New York City at Christmastime - It's Magical

New York City at Christmastime is simply magical. We went last year as a family to get into the holiday spirit.


I've been many times, but this was my first time going before Christmas. Since our son was too young the last time we went, he got to see the city with new eyes. So, while I am usually interested in trying new things, this was definitely a quintessential New York City weekend trip.


Because we live in Dallas, the prospect of snow and ice skating is very exciting for us. I have always dreamt of skating under the tree at Rockefeller Center, visiting the Christmas markets, and seeing the Rockettes perform their Christmas Spectacular at Radio City Music Hall.


I'm happy to report that we checked all of those items off of our bucket list.

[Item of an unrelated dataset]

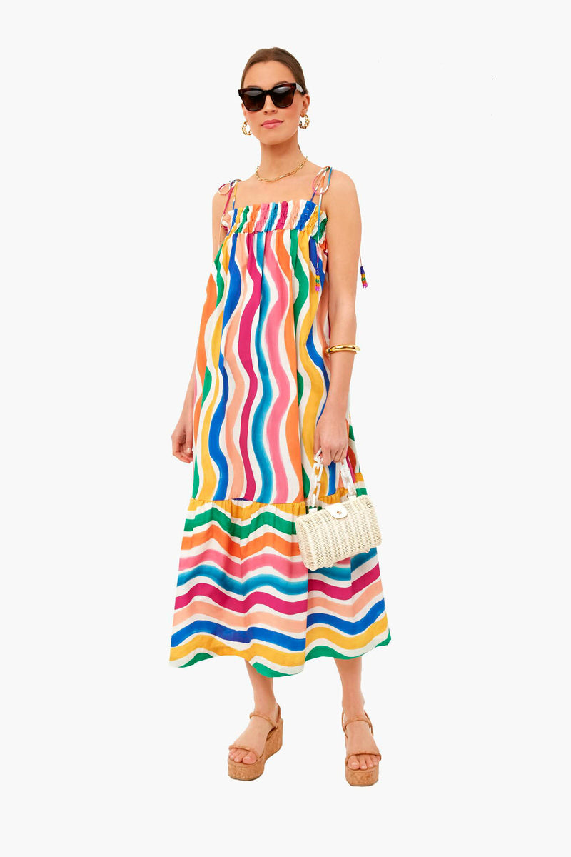 A staple that delivers joy: the Dancing Stripes Tie Strap Midi Dress is a fresh, timeless option for sunny seasons! It has a cozy fit to follow your bold moves, beaded tassels at shoulders, and the print to level up whatever plans you have in mind. It plays well with those fresh sandals you love and your carefree vibe.

If you are interested in things to do in NYC in December and, more specifically, how to have a traditional NYC at Christmastime experience, read on to see the itinerary.

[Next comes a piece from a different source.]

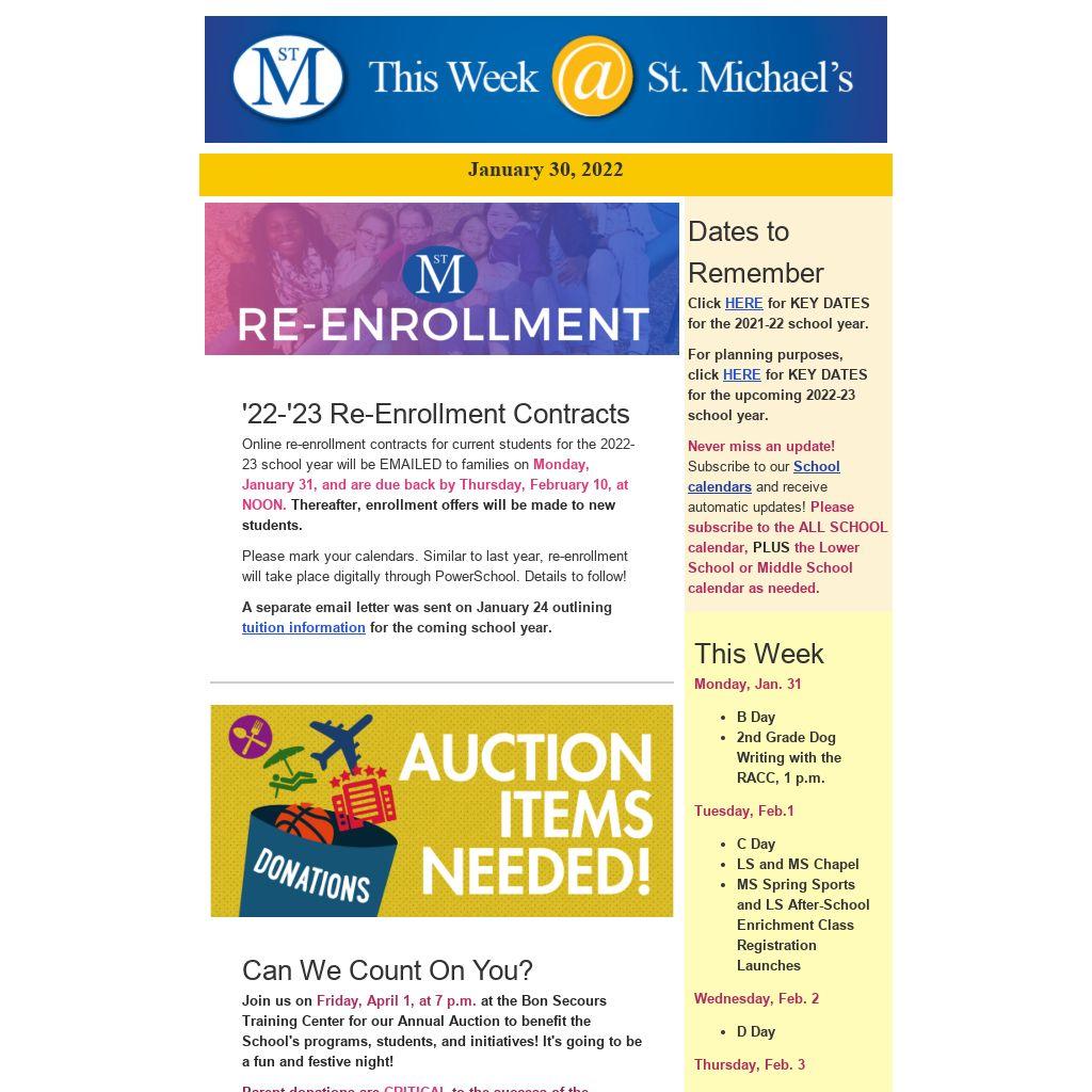 Current and past issues of "This Week at St. Michael's" are now archived on our website under "News and Events," as well as under "Community."

New York City at Christmastime Table of Contents:



A Carriage Ride Through Central Park


There is nothing more romantic (or in our case, family-friendly) than riding a carriage through Central Park, especially during the holidays when you have a blanket draped over your lap and a cup of hot chocolate in your hand. It's expensive, but worth it if you've never done it before. Most run for around 45 minutes and the cost can vary widely, but expect to pay at least $150 for your group. There are many companies and you can pre-book if you have special requests (e.g., for a significant event or if you want a red carriage, etc.).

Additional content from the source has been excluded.